Между Петербургом и Римом нет официальных дипломатических отношений, иезуиты изгнаны Петром I в 1719 г., но после восшествия на престол Елизаветы у папского престола появляется надежда усилить католическое присутствие в России, а то и продолжить с дочерью Петра переговоры об объединении церквей. В 1742 г. в Рим из Москвы возвращается капуцин Феликс де Болонья: он ходатайствует о том, чтобы императрица подтвердила давние указы Петра I, что позволило бы ордену увеличить число миссионеров, открыть, школы. Со своей стороны, Елизавета Петровна через Лестока и маркиза де ла Шетарди просит Рим оставить в России главу другого монашеского ордена, отца Карло де Лукка. Кардинальская курия посвящает специальное заседание сношениям с Россией. Из архивов достаются отчеты Маттео Карамана, побывавшего в России в 1735 г., где он писал, что Петр I намеревался заключить договор с папой против турок, и предлагал план союза между Россией и Римом. В 1743 г. папа римский просит польского короля Августа III выступить в качестве посредника в деле сближения с Россией, но монарх дает понять, что надежд на успех мало. Летом 1744 г. Рим пересылает императрице послание маронитского архиепископа Гавриила Евы, который увещевает ее пойти по стопам Петра I, который-де благосклонно относился к католикам[680].

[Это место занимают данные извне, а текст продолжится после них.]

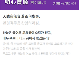 | 明心寶鑑(명심보감) 天理篇(천리편) 005. 天聽寂無音(천청적무음) 蒼蒼何處尋(창창하처심). (0) | 2019.09.03 |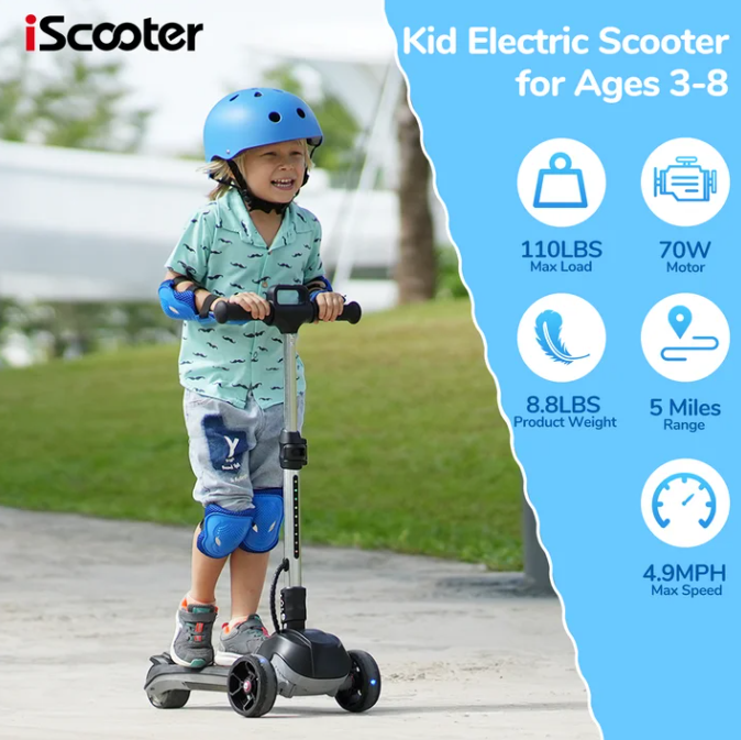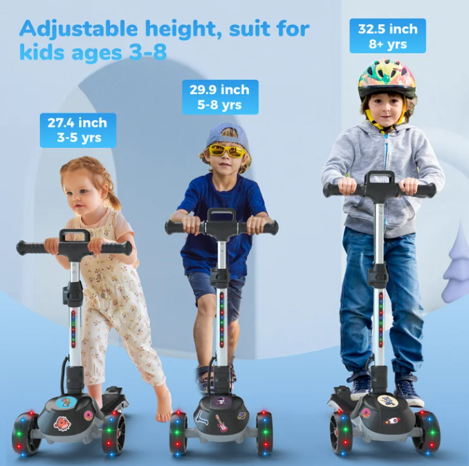 iScooter Electric Scooter for Kids Ages 3-6, Bluetooth Music Speaker, LED Light-up Wheels, Thumb Accelerator, 3-Adjustable Height Toddler Motorized Scooters, 3-Wheels Electric Scooter for Girls/Boys

В 1742 г. Елизавета Петровна возвращает из ссылки княгиню И. П. Долгорукую, попавшую в опалу за обращение в католичество. Ее духовник, аббат Жак Жюбе де ла Кур, приезжал в Россию в 1728–1731 гг. по поручению Сорбонны для того, чтобы продолжить переговоры об объединении Западной и Восточной церквей, начатые при Петре I[681]. С Жюбе прямо или косвенно были связаны русские писатели и дипломаты, которых привлекала не столько богословская, сколько просветительская сторона католицизма: В. К. Тредиаковский, А. Д. Кантемир, А. А. Вешняков, А. Б. Куракин, А. Г. Головкин, С. Д. Голицын, С. К. Нарышкин[682]. Несмотря на то, что миссия Жюбе окончилась неудачно, связи вовсе не прервались. С Жюбе продолжали переписываться русский посланник в Париже князь Антиох Кантемир (1738–1744), и княгиня Долгорукая, которая в феврале 1742 г. смогла отправить учиться к нему в Париж двух своих сыновей.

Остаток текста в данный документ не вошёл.